- [Task statement]: Reprint all of the data below exactly as shown and skip every image.

- [Provided material]:
BEGIN
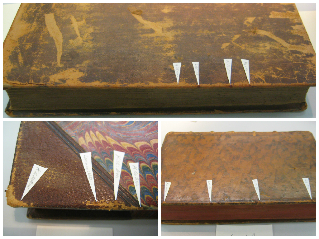 A collage of three colour photographs each showing a book with little white flags on it. The flags are located in the areas that were spot tested with the consolidants.
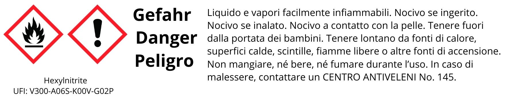 Nitrito esile (UFI V300-A06S-K00V-G02P): Nuovo nitrito dal produttore Lockerroom in Canada. Questo nitrito viene utilizzato per alcuni dei Flaconi da 30 ml prodotto dal produttore Lockerroom. Stesso o meno dannosi per la salute come il nitrito di pentile. Ecco perché offriamo prodotti con anche il nitrito di esile.
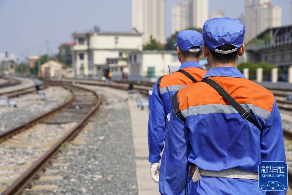 6月16日,中国铁路北京局集团公司有限公司秦皇岛车务段调车组人员在秦皇岛南站作业完毕列队回站。新华社发(郭楠摄)
END
- [Result of this task]:
 A collage of three colour photographs each showing a book with little white flags on it. The flags are located in the areas that were spot tested with the consolidants.
 Nitrito esile (UFI V300-A06S-K00V-G02P): Nuovo nitrito dal produttore Lockerroom in Canada. Questo nitrito viene utilizzato per alcuni dei Flaconi da 30 ml prodotto dal produttore Lockerroom. Stesso o meno dannosi per la salute come il nitrito di pentile. Ecco perché offriamo prodotti con anche il nitrito di esile.
 6月16日,中国铁路北京局集团公司有限公司秦皇岛车务段调车组人员在秦皇岛南站作业完毕列队回站。新华社发(郭楠摄)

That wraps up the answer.